Several DEPs were identified between groups at baseline, with clustering around collagen and inflammatory response processes. MMP-7 was higher in those with coronary disease, whether or not they had a prior known MI, compared with the ‘no CAD/no MI’ group. MMP-7 is high in both remote and infarct regions after MI.28,29 The role of MMP-7 in cardiovascular disease is controversial: although in animal models MMP-7 gene knockout reduces atherosclerotic burden, mice with the knockout have a greater risk of sudden death and cardiac fibrosis. MMP-7 activity after MI may thus prevent excessive fibrosis.30 However, other models suggest that the absence of MMP-7 has positive effects on LV remodelling post-MI, as well as increasing survival and myocardial conduction.28,31 MMP-7 also mediates cardiac adverse remodelling in uraemic mice,32 and higher MMP-7 expression was associated with greater risk of death and HF hospitalization in patients with HF with preserved EF in the TOPCAT trial.33 GAL4, a lectin mostly expressed in the gastrointestinal tract and involved in immunoregulatory functions,34 was increased in CAD group. Plasma concentrations of this protein are elevated in patients with HF,35 especially if they have diabetes,36 and is associated with worse prognosis.35,37 Higher plasma GAL4 in the general population is associated with all-cause and cardiovascular mortality, coronary events and incident HF.38 PAI—a fibrinolysis regulator39—was also higher in patients with CAD. Higher PAI concentrations are associated with a higher risk for MI,39 as well as with adverse cardiac events in HF patients.40 Plasma PGLYRP1 was lower among patients with CAD without MI. Higher plasma concentrations of this immune system protein are associated with both acute and chronic CAD, as well as HF. Long-term administration of recombinant PGLYRP1 leads to atherogenesis and LV systolic dysfunction in animal models.41 Also, in a healthy population study, higher PGLYRP1 was associated with an increased risk of atherosclerotic cardiovascular events.42
PSPD was overexpressed in participants with MI, versus ‘no CAD/no MI’. The impact of this inflammatory protein on cardiovascular disease is controversial—although most studies demonstrate that higher PSPD levels are associated with a greater risk of cardiovascular events (including HF hospitalization, sudden cardiac death, MI, and stroke),43 others have shown that it is not linked to the development of subclinical atherosclerosis.44 TRANCE was lower among those with prior MI. Lower concentration of this cytokine involved in immune response regulation, angiogenesis, and bone remodelling45 has also been associated with a greater risk of cardiovascular disease in patients with psoriasis.46
There were no DEPs after bootstrapping between CAD and MI groups. This suggests that the pattern of gene expression seems to be similar in all patients with clinical evidence of coronary disease, regardless of previous overt acute coronary ischaemic events.

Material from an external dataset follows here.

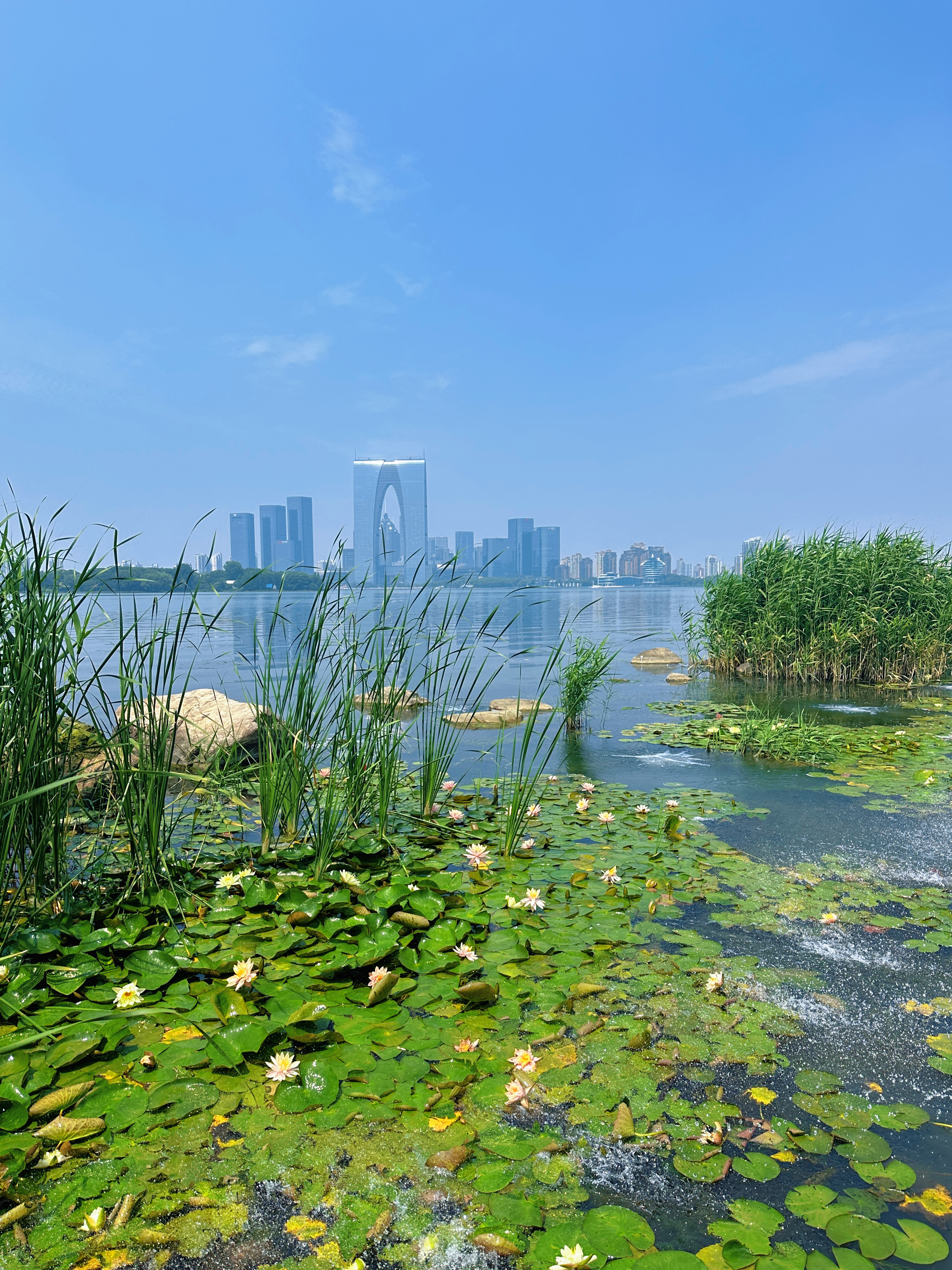 “一池睡蓮始盛開,千嬌百媚入畫來。”粉色睡蓮宛如莫奈筆下躍動的色彩精靈,層層疊疊的花瓣舒展于碧波之上,晶瑩的露珠在晨光下閃爍,似為睡蓮綴上璀璨的珠飾。她們靜靜依偎在湖面,與田田荷葉、點點浮萍相映成趣,遠處的東方之門巍然聳立,古今景致交融,勾勒出如夢似幻的畫面。三兩朵明黃色睡蓮點綴其間,為靜謐湖景增添幾分嬌俏可愛。偶有水鳥掠過湖面,驚起圈圈漣漪,更添生機。

Treatment with spironolactone changed the plasma concentrations of proteins associated with the presence of CAD regardless of prior MI. Spironolactone significantly increased serum MMP-7, unravelling a potential anti-fibrotic mechanism of the drug, as described above.30 NT3 is also increased by MRA use, which is a neurotrophic factor that has been shown to be reduced in experimental models of HF.47 Spironolactone increased circulating levels of PGLYRP1, a pro-inflammatory protein with atherogenic properties, as described above.42 Further studies should follow regarding the impact of modulating these proteomic pathways and HF progression.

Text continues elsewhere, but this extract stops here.